Using the listing below, print exactly everything from the line with "この町で子どもを育てる私たち" down to the line with "我曾自我调侃、讽喻或自夸:我", both included, and nothing more.

EXCERPTED DATA >>
◆ ◆ ◆ ◆ ◆ ◆ ◆
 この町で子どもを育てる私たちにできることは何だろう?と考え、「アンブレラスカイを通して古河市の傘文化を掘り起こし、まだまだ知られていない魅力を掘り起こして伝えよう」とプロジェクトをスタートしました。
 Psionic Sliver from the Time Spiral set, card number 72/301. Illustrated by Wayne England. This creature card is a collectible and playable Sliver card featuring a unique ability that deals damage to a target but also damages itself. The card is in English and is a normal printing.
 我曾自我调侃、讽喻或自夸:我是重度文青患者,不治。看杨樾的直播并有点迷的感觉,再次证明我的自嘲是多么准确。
◆ ◆ ◆ ◆ ◆ ◆ ◆
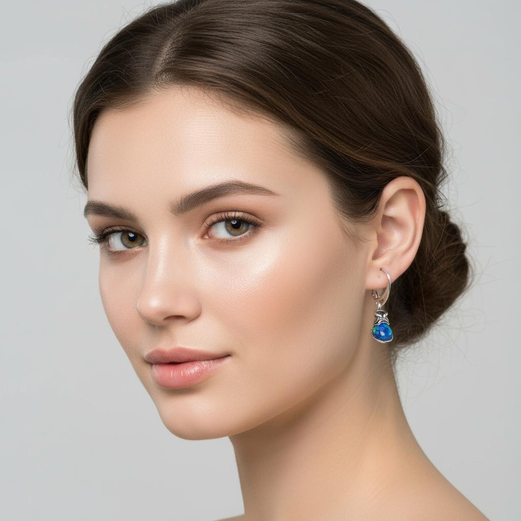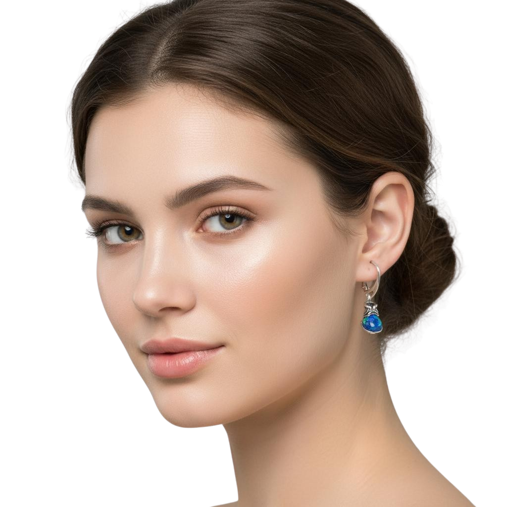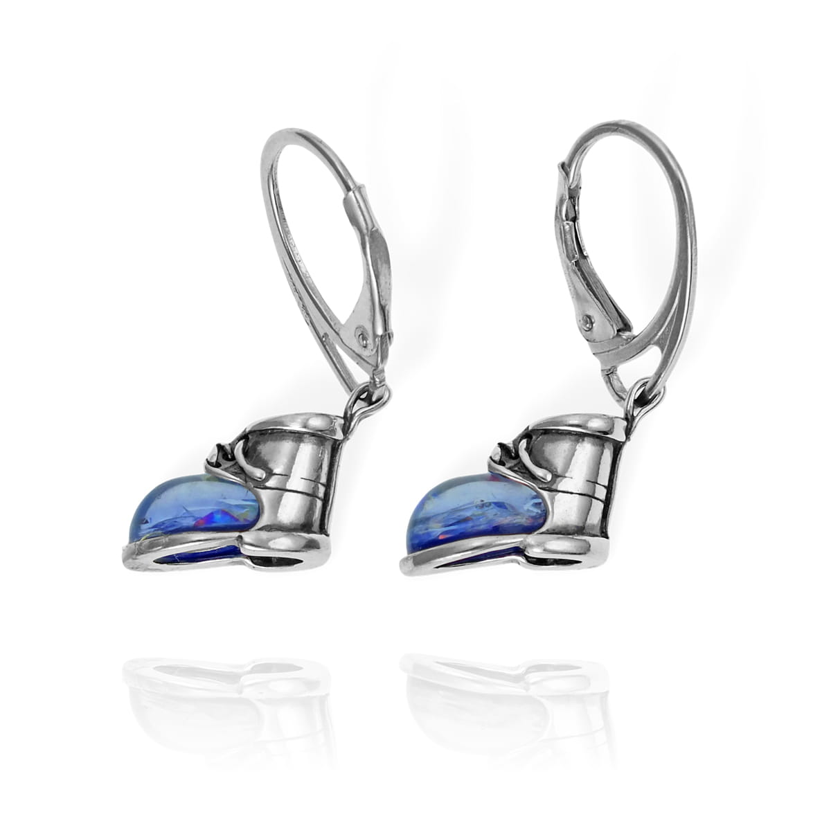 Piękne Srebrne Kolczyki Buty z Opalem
◆ ◆ ◆ ◆ ◆ ◆ ◆
WRITTEN ANSWER >>
 この町で子どもを育てる私たちにできることは何だろう?と考え、「アンブレラスカイを通して古河市の傘文化を掘り起こし、まだまだ知られていない魅力を掘り起こして伝えよう」とプロジェクトをスタートしました。
 Psionic Sliver from the Time Spiral set, card number 72/301. Illustrated by Wayne England. This creature card is a collectible and playable Sliver card featuring a unique ability that deals damage to a target but also damages itself. The card is in English and is a normal printing.
 我曾自我调侃、讽喻或自夸:我是重度文青患者,不治。看杨樾的直播并有点迷的感觉,再次证明我的自嘲是多么准确。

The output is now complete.